◆ What is expected
Nothing but the lines from the start of the entries below through the line containing "Annual Giving broke" should appear in the answer, copied exactly and free of pictures.

····················

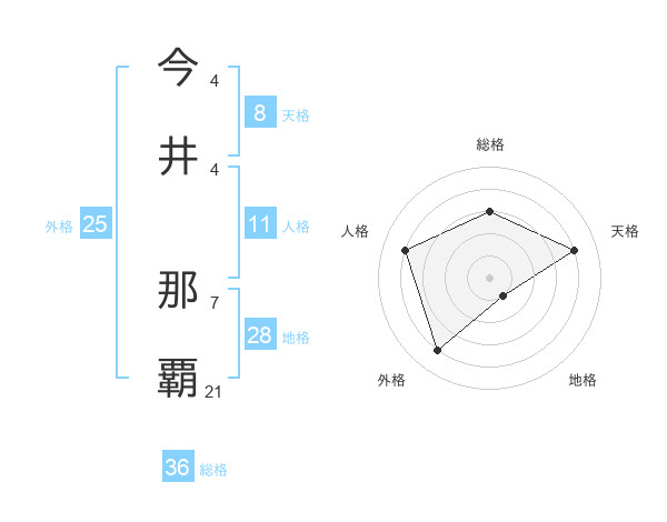 今井 那覇さんの天格は8画の4点
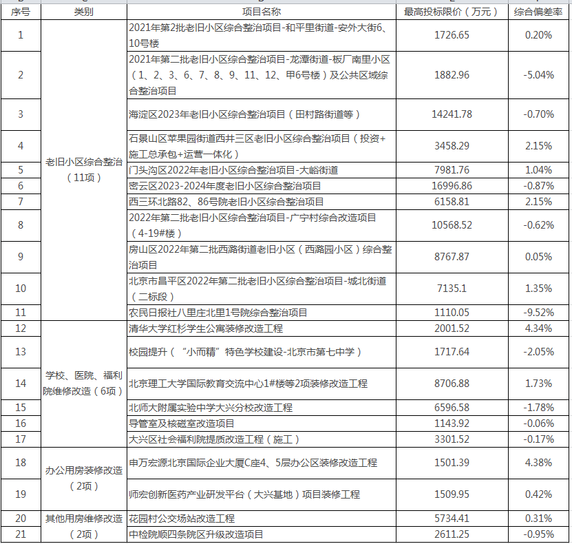 2023年,房修定额站共监督检查了21项房屋修缮工程项目最高投标限价,涉及工程标的额11.49亿元,包含老旧小区综合整治、学校和医院维修改造、办公用房装修改造、其他用房改造等房屋修缮工程项目。
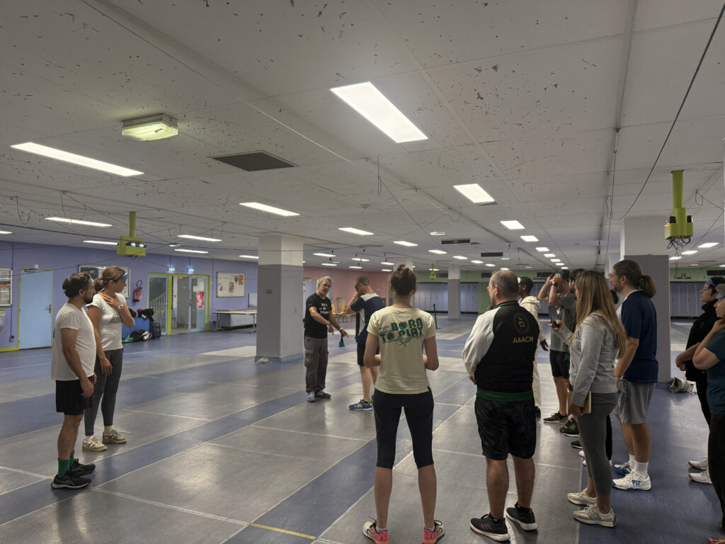 The objective was to immerse each professional in the dual nature of the workshop’s protocol. Philippe highlighted the importance for fencing masters, physiotherapists and psychotherapists to not remain confined to their usual discipline.
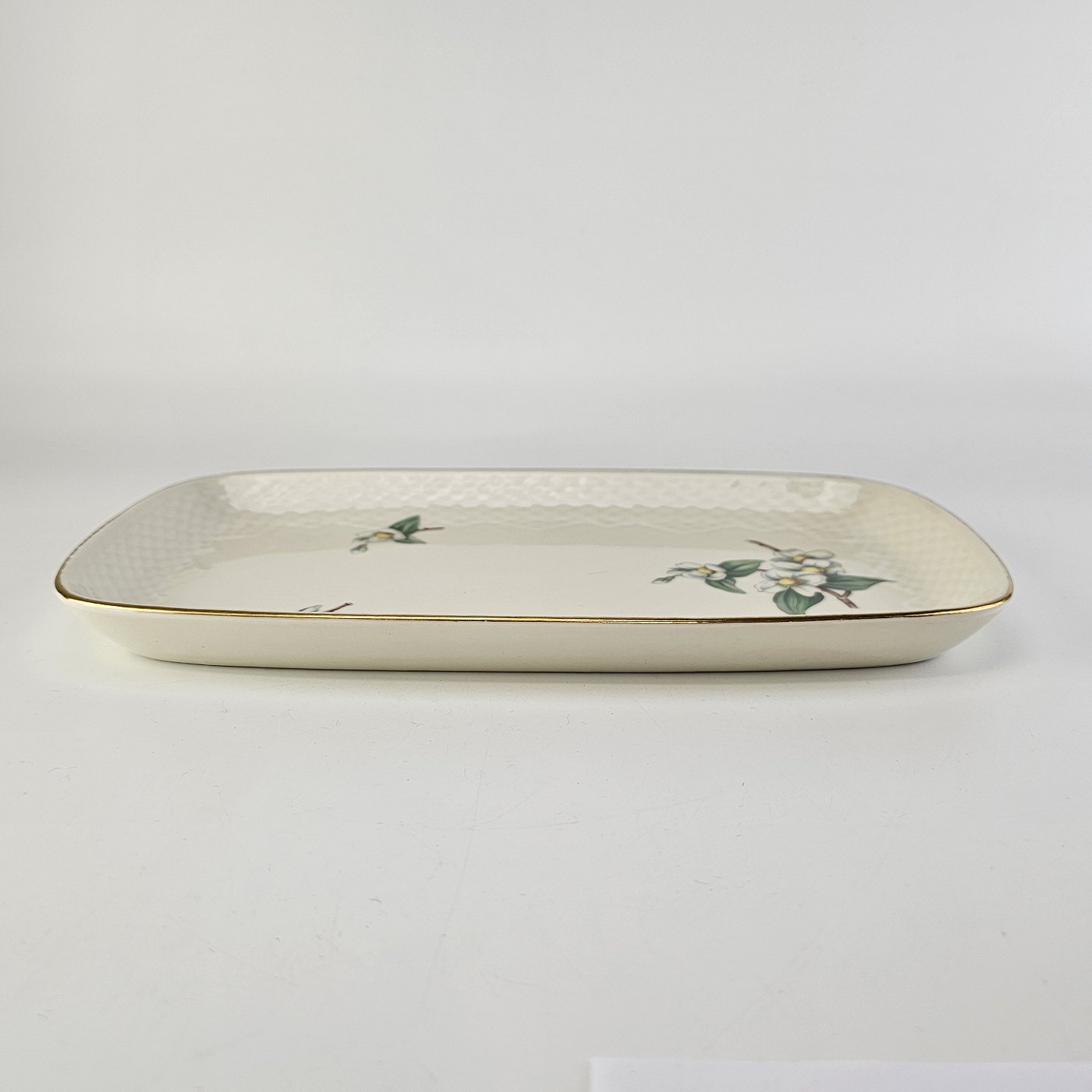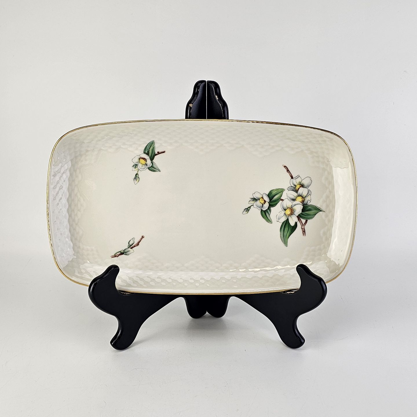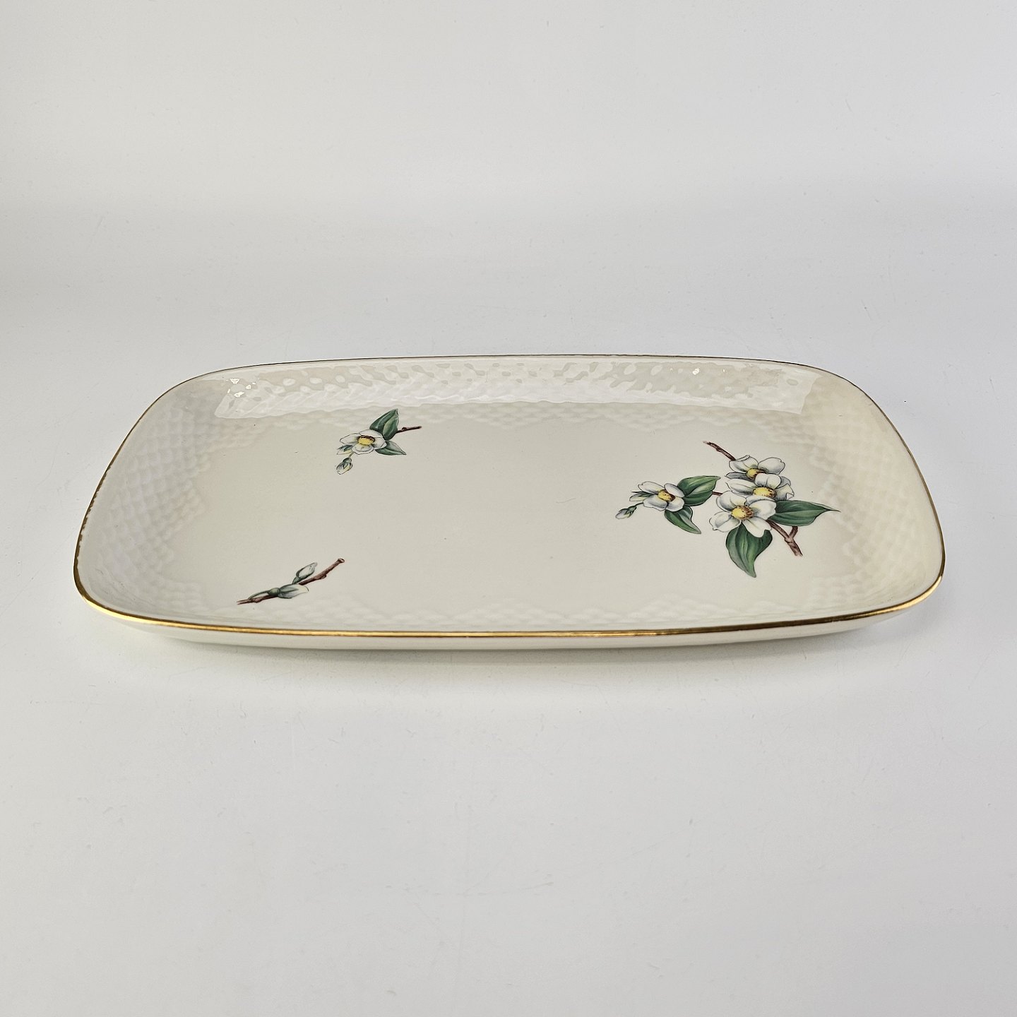 Heimdal er cremefarvet porcelæn i skælform, som dekoreret med jasminblomster, grene og en guldkant.
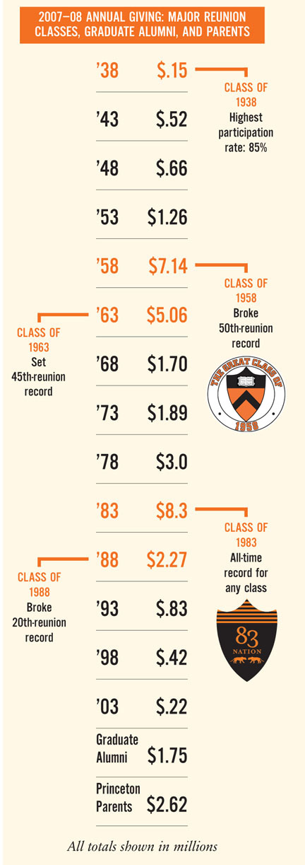Annual Giving broke the $50 million mark for the first time in 2007–08 as the campaign raised a record $54.1 million, up 10.3 percent from last year. The 25th-reunion Class of 1983 raised $8.3 million — an all-time record for any class. Other record-setters: the classes of 1958, 1963, and 1988, the graduate alumni, and Princeton parents.
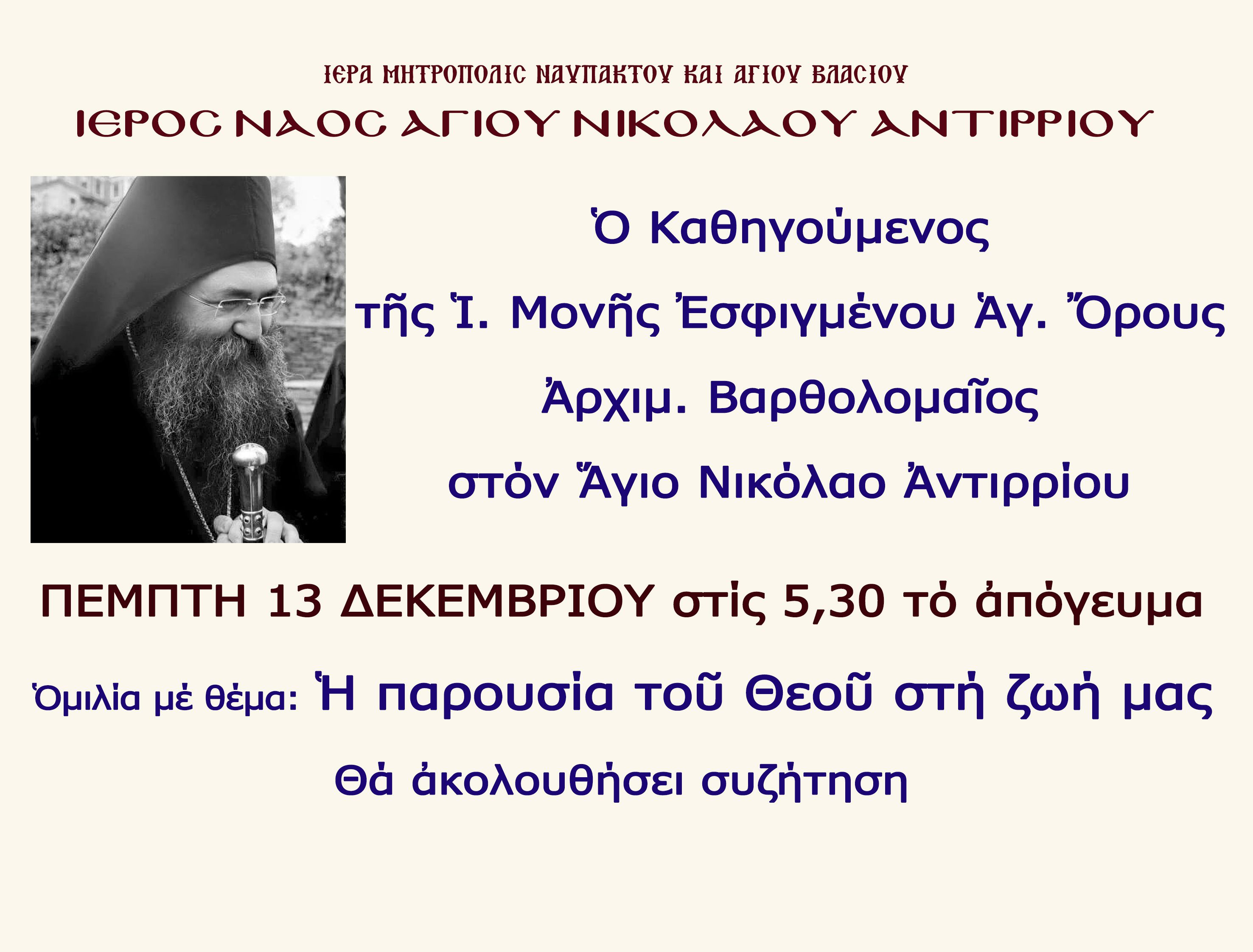 Ομιλία Αρχιμανδριτη Βαρθολομαίου της Ι.Μ.Εσφιγμένου του Αγίου Όρους στον Άγιο Νικόλαο Αντιρρίου ΚΟΙΝΩΝΙΚΑ Από doridanews Στις Δεκ 10, 2018 Share - Διαφήμιση -Χρόνος ανάγνωσης: 1 λεπτό Συνεχίστε να διαβάσετε- Διαφήμιση - Share
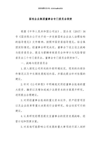 / 【七哥公文】2024年:国有企业集团董事会专门委员会职责+更多免费公文+VX:QiGeGongWen2024

····················

◆ Written answer
 今井 那覇さんの天格は8画の4点
 2023年,房修定额站共监督检查了21项房屋修缮工程项目最高投标限价,涉及工程标的额11.49亿元,包含老旧小区综合整治、学校和医院维修改造、办公用房装修改造、其他用房改造等房屋修缮工程项目。
 The objective was to immerse each professional in the dual nature of the workshop’s protocol. Philippe highlighted the importance for fencing masters, physiotherapists and psychotherapists to not remain confined to their usual discipline.
 Heimdal er cremefarvet porcelæn i skælform, som dekoreret med jasminblomster, grene og en guldkant.
Annual Giving broke the $50 million mark for the first time in 2007–08 as the campaign raised a record $54.1 million, up 10.3 percent from last year. The 25th-reunion Class of 1983 raised $8.3 million — an all-time record for any class. Other record-setters: the classes of 1958, 1963, and 1988, the graduate alumni, and Princeton parents.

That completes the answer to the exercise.